Yeah, that's not it but it's cool. Thanks for trying!   :Smile: 

I've got new info now: I just found the rtl8139-diag utility and tried it out to see if it would give any extra info and everything looks fine before I do "ifconfig eth0 up", because then it says that the transmitter is "enabled with NONSTANDARD! settings, maximum burst 1024 bytes." And also: "Flow control: Tx disabled Rx disabled" which seems to fit the lights not being lit, but is weird since I can't figure out how to change that anywhere. If anyone could offer even suggestions on how to configure this driver to set up the nic differently, since it seems that something is messed up in that regard, I'd really appreciate it!

----------

## Gluteusmaximus

Hi,

I have probably the same problem here, can´t download anything.
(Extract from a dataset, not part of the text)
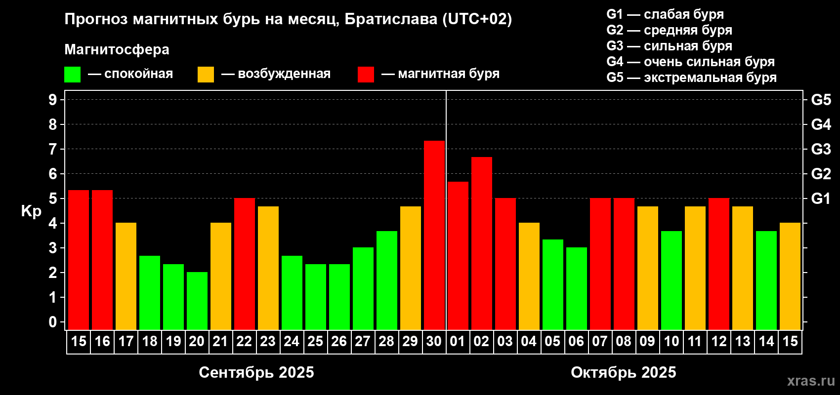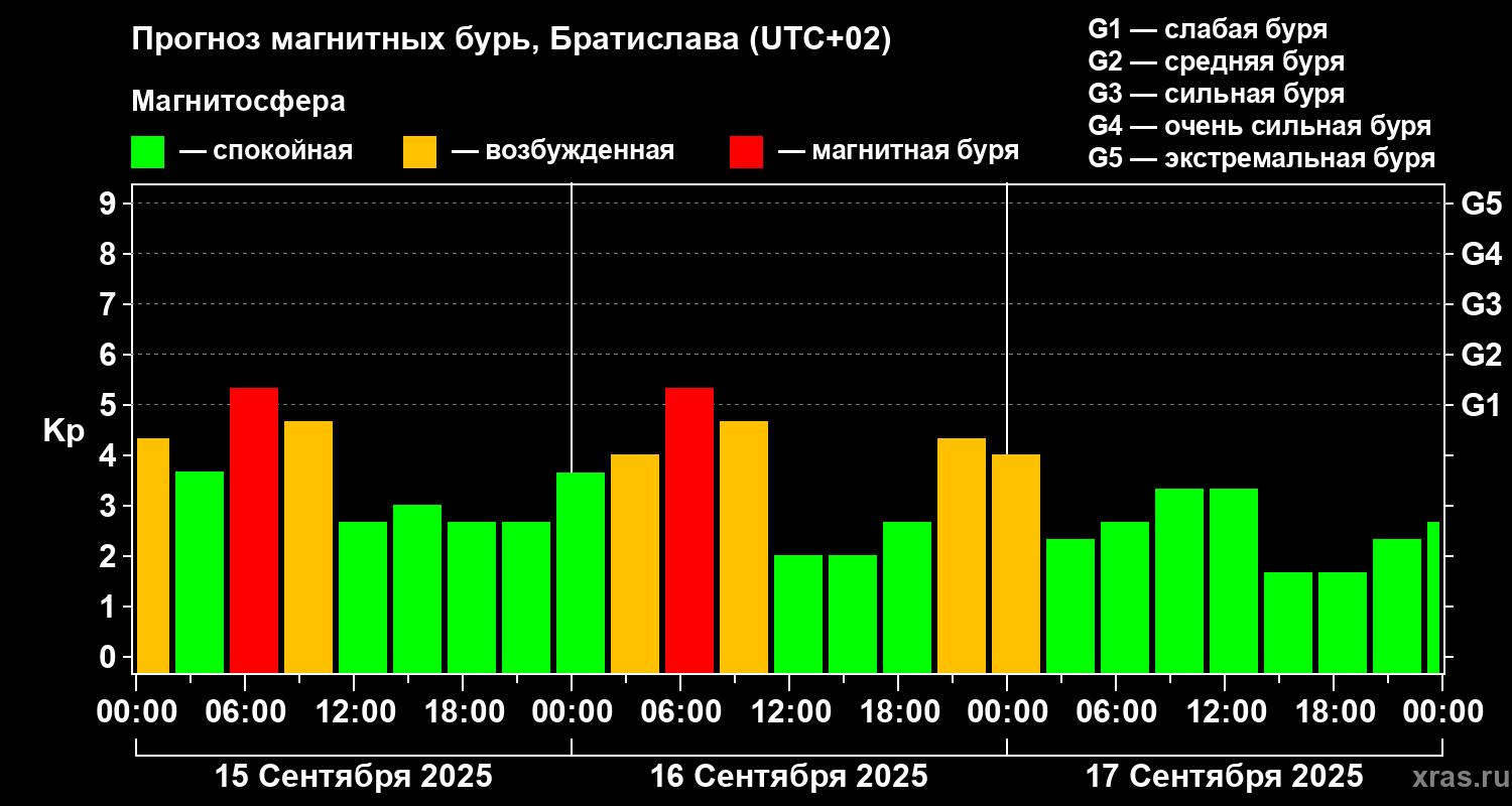 Прогноз магнитных бурь в Братиславе — 15 сентября 2025 года

It´s strange because I can ping the servers, but nothing else works. The "ifconfig" output  looks ok, i even reduced the MTU-value...

The PC worked ok with my former Debian (and Windows) installation, though.

Weird...

----------

## pigeon768

Are you using the 8139too driver or the 8139cp driver? (try both. the other one might work) What's the output from lspci -v that's relevant to your card? When you change the kernel options, does the rtl8189-diag give different error messages?

----------

## sertrex

I had the same problem. I solved it changing an option of the Windows driver. Try enabling "Wake on Lan after shutdown" (or something similar, I don't remember exactly) from the Windows device manager. It seems to be a problem of initialising registers after a Windows shutdown.

----------

## think-x

sertrex: you are my hero! Thank you so much!

----------